Sprawling Normative Vocabularies

On purple prose, academic writing and how (not) to write well.


Tuesday, 2004-09-21 | Classic Gin, Language, Literature, On Writing Well

We speak often of the 'irony of wisdom' in Old Testament interpretation class. Generally, the sort of irony we're describing is the kind that we see in the 'wisdom' that A&E; are saddled with once they've partaken of the tree of knowledge of good and evil. The phrase 'the irony of wisdom,' as it is demonstrated in that episode, is generally meant to describe the idea that certain wisdom obfuscates, rather than enlightens. The actual event describes a kind of wisdom that is different from and opposite to the literal meaningof the word. A&E;, with their newfound wisdom, are finally only able to see that a.) they are naked and b.) that nakedness is something to be ashamed of.

That's irony, baby.

What I aim to describe tonight, however, is a different flavor of the 'irony of wisdom.'

At the beginning of my undergraduate career I was deeply enamored of the puissant vocabularies of academic writers and speakers. As a result of my captivation by the academic speaker and his way with words, I set about acquiring a similar vocabulary for myself.

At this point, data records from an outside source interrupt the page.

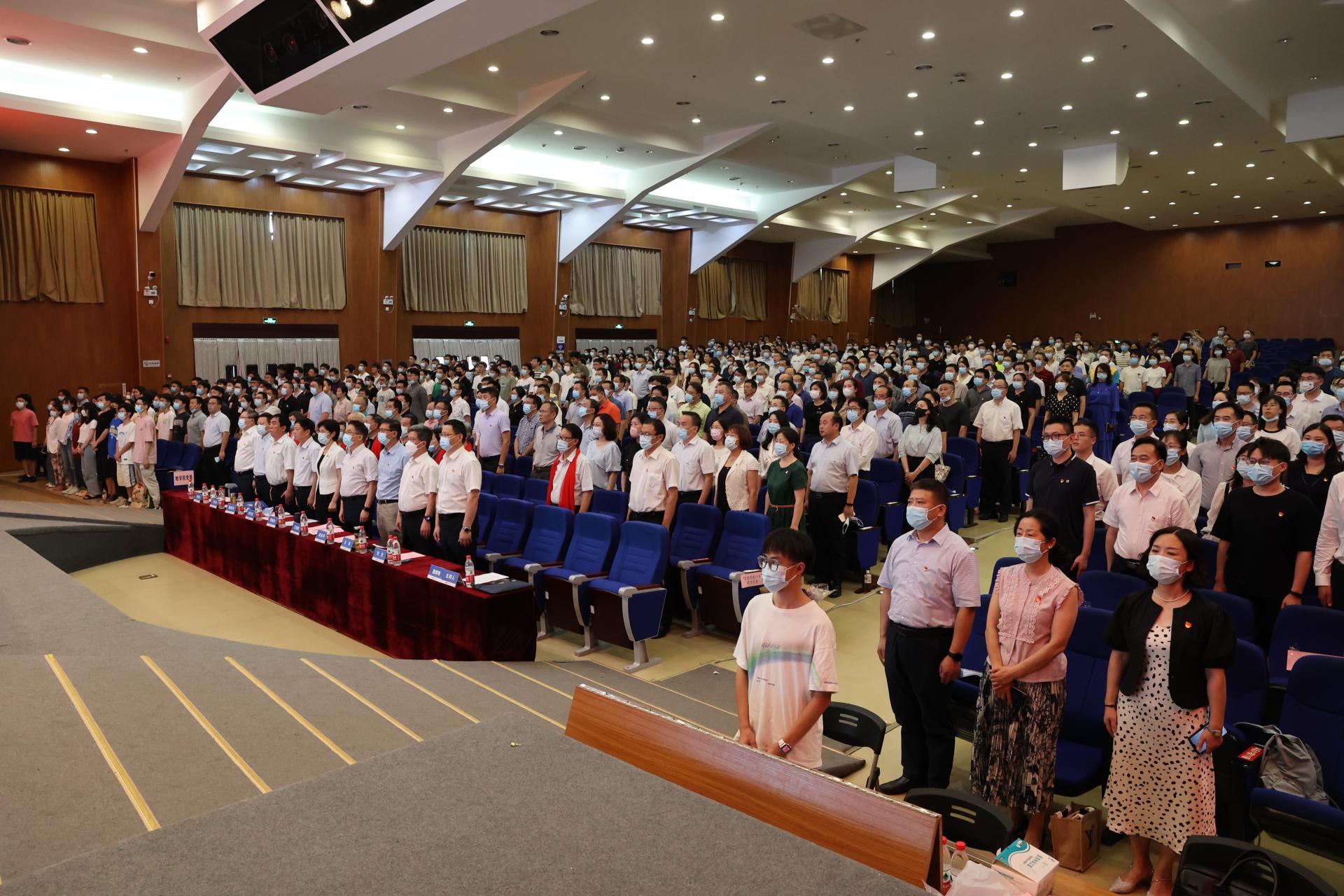 与会全体同志齐唱《没有共产党就没有新中国》,嘹亮的歌声响彻弘毅堂。(审稿 陈华文)
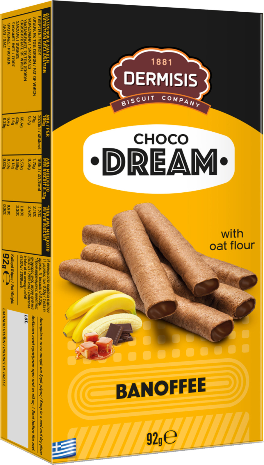Ingrediente : zahăr, uleiuri vegetale (ulei de bumbac, ulei de palmier), făină de grâu , zer pudră , ciocolată neagră 5% (masă de cacao 54%, zahăr 45,5%, emulgator: lecitină din soia 0,5%; aromă naturală de vanilie), dextroză, pudră de cacao cu conținut redus de grăsimi, făină de ovăz 2%, pudră de banană 2% (concentrat de suc de banană, arome), lapte praf degresat , colorant: caramel; masă de caramel (zahăr brun, sirop de glucoză-fructoză, ulei de semințe de bumbac, stabilizator: sirop de sorbitol; emulgator: lecitină din soia ; antioxidant: palmitat de ascorbil, extract bogat în tocoferol; arome. Poate conține urme de nuci , arahide , semințe de susan și ouă .
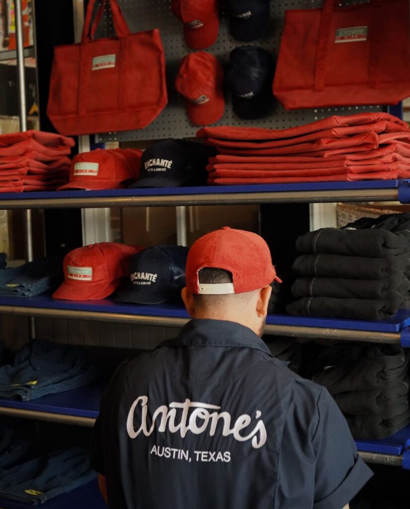 Enchanté, the clothing brand started by former Formula 1 driver Daniel Ricciardo, returned to Austin with the Enchanté Garage Pop-up shop, presented by Cash App, at Antone’s, Oct. 18-19. Fans waited in a long line to enter the iconic blues venue that was transformed into a garage environment, complete with blue barrels and flags with the Enchanté Parts & Service logo, neon signage, hats and totes hung on workstation pegboards, brand ambassadors dressed in Enchanté mechanic coveralls, and a classic red pickup truck with a cargo bed full of flowers. Partner Patrón served up ranch water to attendees.

I developed a certain kind of Stockholm Syndrome, basically.

Time was, I couldn't get enough of new words--the more esoteric and (ostensibly) limited in its applicability the word was, the better. By the time I was a junior, my prose did not merely have the quality or style of poetry, it was readable as such. Put another way, to read my prose was to make use of the interpretive and cognitive practices that are usually reserved for the reading of poetry.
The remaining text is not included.